Competition watchdog launches probe into audit market

The competition watchdog has launched an investigation into Britain’s auditors following a string of scandals and concerns over conflicts of interest.

The Competition and Markets Authority said on Tuesday that it has begun a detailed study of the audit sector to examine “concerns that it is not working well for the economy or investors”.

As part of the review, the CMA will investigate whether the sector is “competitive and resilient enough to maintain high quality standards”.

The role of the dominant Big Four accountancy giants — Deloitte, EY, KPMG and PwC – is expected to come under intense scrutiny amid calls for them to be broken up.

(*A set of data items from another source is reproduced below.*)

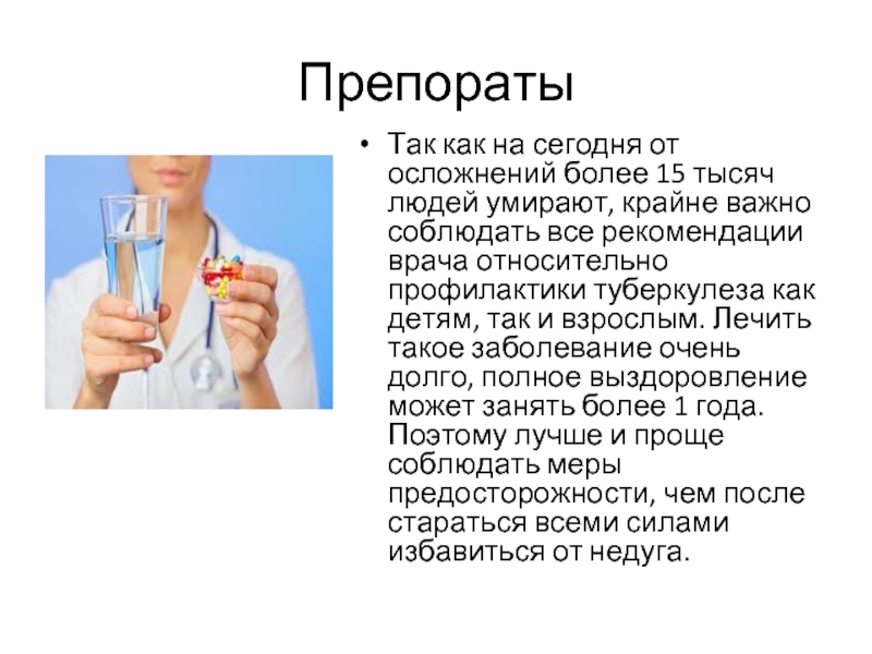 Презентация на тему Презентация на тему Что такое туберкулез и как с ним бороться, предмет презентации: Медицина. Этот материал содержит 10 слайдов. Красочные слайды и илюстрации помогут Вам заинтересовать свою аудиторию. Для просмотра воспользуйтесь проигрывателем, если материал оказался полезным для Вас - поделитесь им с друзьями с помощью социальных кнопок и добавьте наш сайт презентаций ThePresentation.ru в закладки!
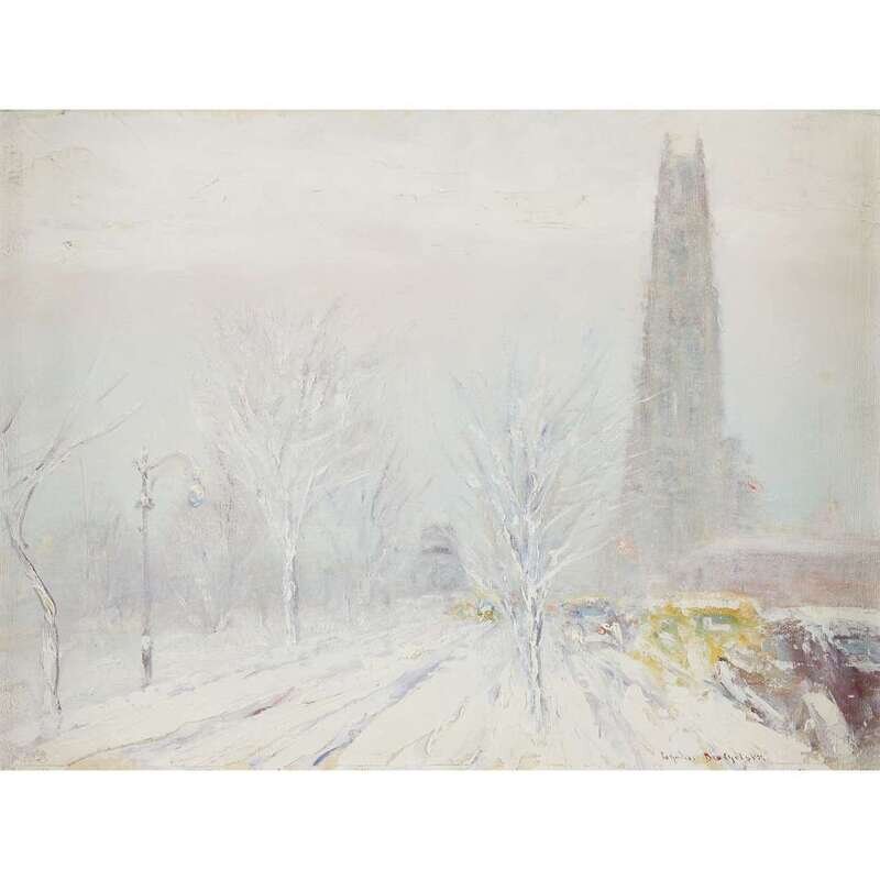 JOHANN BERTHELSEN (AMERICAN 1883-1972) "RIVERSIDE CHURCH, LOOKING NORTH ON RIVERSIDE DRIVE"
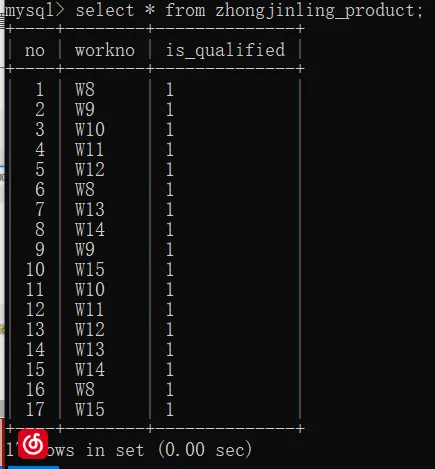 发现所有的空都被填满了,之后查看车间表中的所有数据
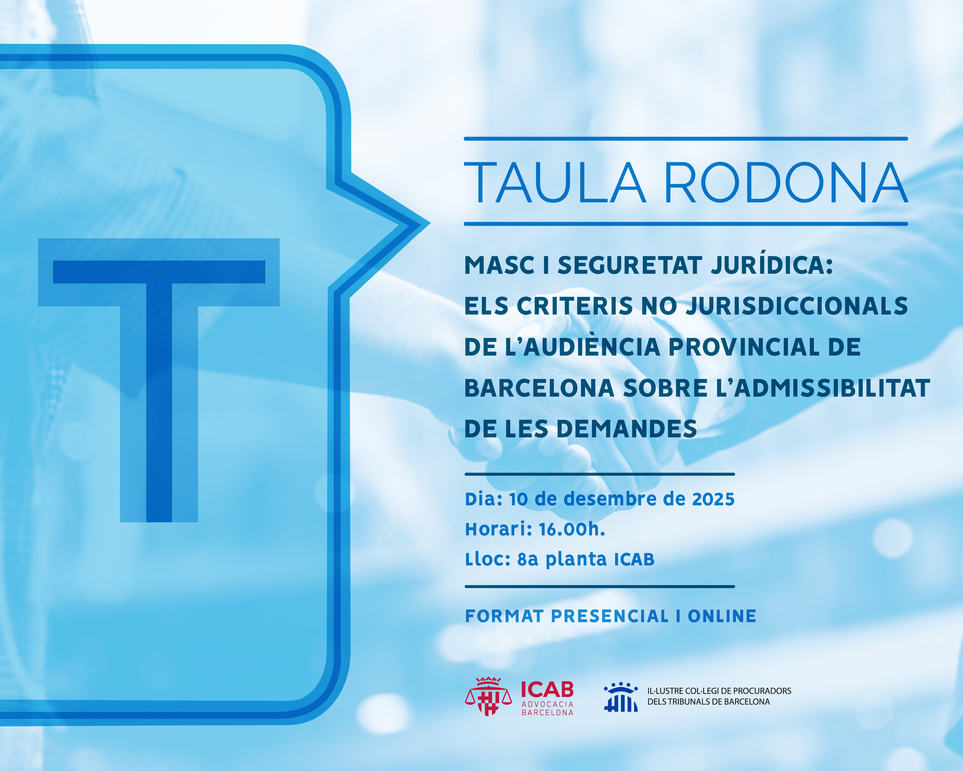 Taula rodona: MASC i seguretat jurídica. Els criteris no jurisdiccionals de l'Audiència Provincial de Barcelona sobre l'admissibilitat de les demandes
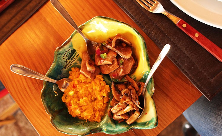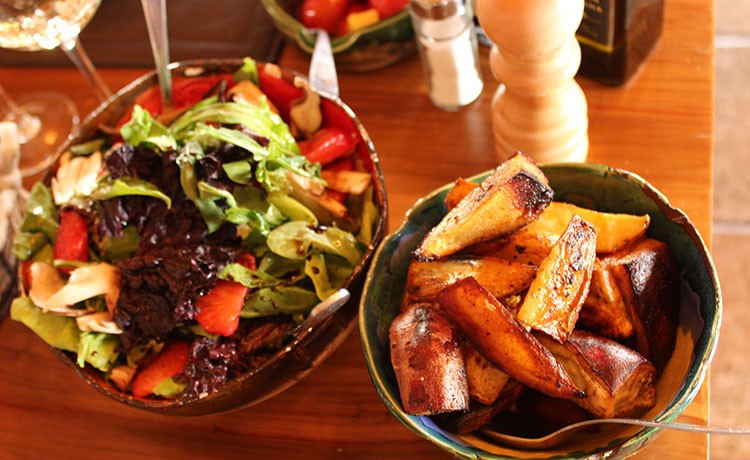 Tomatitos cherry caramelizados con queso y otras variedades de ensaladas anticipan las empanadas de carne cortada a cuchillos con una masa casera deliciosa. A esta altura degustamos el Cadus, un insuperable Bonarda de Nieto Senetiner, de las fincas de Agrelo. Inmediatamente el mozo nos pregunta el punto de preferencia para la carne y minutos después nos sirve la parrillada en distintas etapas. Chorizos, morcillas y tira de asado para empezar, un corte de cerdo con ananá asado a las brasas y un vacío cocido a la perfección. Sobre el final, la codiciada entraña crocante con el punto ideal supera nuestras expectativas.
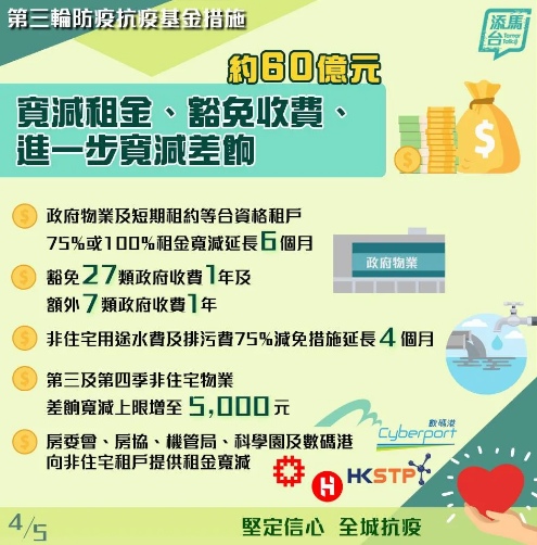 3、約60億元用以寬減/寬免租金、豁免政府收費和進一步寬減差餉

The CMA pointed to the failure of Carillion and the criticism of those charged with reviewing the construction firm’s collapse, as well as recent poor results from audit quality reviews.

The Big Four were accused by MPs earlier this year of prioritising their own profits after pocketing around £71.6 million in Carillion-related work since 2008, including on its pension schemes, while failing to spot its precarious financial position.

CMA chairman Andrew Tyrie said: “If the many critics of the audit process are right, it is not just the companies which buy audits that lose out; it is the millions of people dependent on savings, pension funds and other investments in those companies whose audits may be defective.

“Sir John Kingman’s independent review of the regulator is a big step in the right direction. And the CMA will now examine the market carefully to establish what contribution more effective competition could make to improving audit quality.”

The CMA’s market study will examine three main areas including choice and switching, given that the largest UK companies still turn almost “exclusively” to the Big Four when selecting an auditor.

A second thread will examine what the role of the Big Four firms means for resilience, the risk being that each of the Big Four auditors is “too big to fail”, potentially threatening long-term competition.

  • Deloitte

  • EY

  • KPMG

  • PwC

The CMA will also seek to ascertain whether the fact that companies, rather than their investors, pick their own auditor results in a lack of incentive to produce challenging performance reviews.

CMA chief executive Andrea Coscelli said: “High-quality audit work underpins a successful economy and benefits us all. Given the in-depth thinking already done by the CMA and the Competition Commission before it, we plan to move swiftly and to issue our provisional findings before Christmas.”

The Financial Reporting Council, the accountancy watchdog, which has been calling for an inquiry, welcomed the CMA’s announcement.